The Paradox of Simplicity in Social Network Design
But even with this simple semantic web for people, Facebook lacks real utility beyond entertainment, as do most social network sites.  Why?  Because they are defined around fixed schemas (schemata for you purists) which are the boundaries of the community.  LinkedIn is a fixed schema around resume history.  Myspace is a fixed schema around people and entertainment media. 

Social networks are a subset of the general class of community websites. The essential value-add of a community site is to define the schema of the community – what we have in common as members of the community become the defining features of the site.  The granddaddy of community sites is Ebay.  What is Ebay but a schema (marketplace) and a set of rules for interacting around the schema?  What is Amazon but a schema (product catalog) and a set of rules for interaction?  This simple rigidity of design makes these sites intuitively obvious to the casual user and inherently bounded in their ability to evolve past the founding metaphor.  Again, as the textbook example of a self-limiting metaphor I would point to Ebay.

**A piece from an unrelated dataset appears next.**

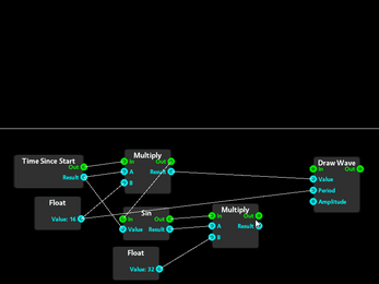 I always enjoyed playing with visual graph editors like Substance Designer and World Machine so I decided to make my own! This first prototype renders a wave across the screen as a simple test case. Later I'd like to turn this into something more useful but for now it's fun to see the Nodes talking to each other as intended. There are a few bugs I haven't fixed yet but I wanted to show my progress anyway. If you ever get stuck just refresh your web browser.

I find social networks of limited utility, because they only do one thing, albeit well.  They connect rigid entities (usually people) for a limited purpose (discovery or communication).  They are shared contact databases with access control and messaging. While they are file sharing containers, they are not repositories for knowledge.  The knowledge inherent in my community is not directly accessible, only addresses. Social networks as presented today don’t help us actually do anything together.

From Social Networks to Knowledge Networks
A social network resembles the old telephone party line. While it connects us, it adds no value to the conversation.  It is the intermediary, momentarily connecting the knowledge that remains mostly in our heads. All the real action still happens at the edge of the social network, not in the network.  They provide no long-term memory or framework for accumulating and navigating what we collectively know.  I cannot imagine using Facebook to discover, accumulate, and share diligence on a prospective investment beyond figuring out who to call for an indirect reference.  Facebook's peopleweb doesn't contemplate how I might accumulate information about a person, their company,  its competitors, and customers and then tap into the related knowledge that my partners or business acquaintances might have.  Yet, the diligence process is one of connecting dots of knowledge (conversations, emails, documents, relationships) to find a pattern that yields an outcome.  The same is true for many collective activities in our communities and organizations. Hence the varieties of definitions around community - communities of purpose, communities of practice, etc.  Communities arise from common circumstance, but they persist because of a shared utility of being.

This is why I think social networks will evolve into knowledge networks.  All the pieces are place.  Facebook has shown us how a gated community can encourage declaration of knowledge (about people and relationships) and maintain a sense of control and privacy.  What needs to be extended is the method to for defining arbitrary entities and concepts beyond people (companies, locations, events, bands, diseases, hobbies, TV shows, chemicals, etc.) and allowing users to define relationships between them (owner of, owned by, included in, compatible with, etc.)  What I have just described is an explosion of meta-data is far bigger than the web itself. But the path is now clear.  No AI.  No inference engines, No voodoo.  “Just” a very large and extensible graph.

We won’t get there in one big leap.  But we will get there, one extension at a time.  Today’s social networks are a transitional Web 2.0 concept.  As they add more and more semantics about different types of objects and concepts, they will morph from social networks to knowledge networks. And knowledge networks will be more valuable and stickier, because what you know is often more valuable than who you know.

Postscript
Well, it seems the spooks have already come to the same conclusion (NYT article) in designing "A-space." They need a social network for the knowledge they gather in espionage and counter-espionage. All the more reason you'll need one soon, too.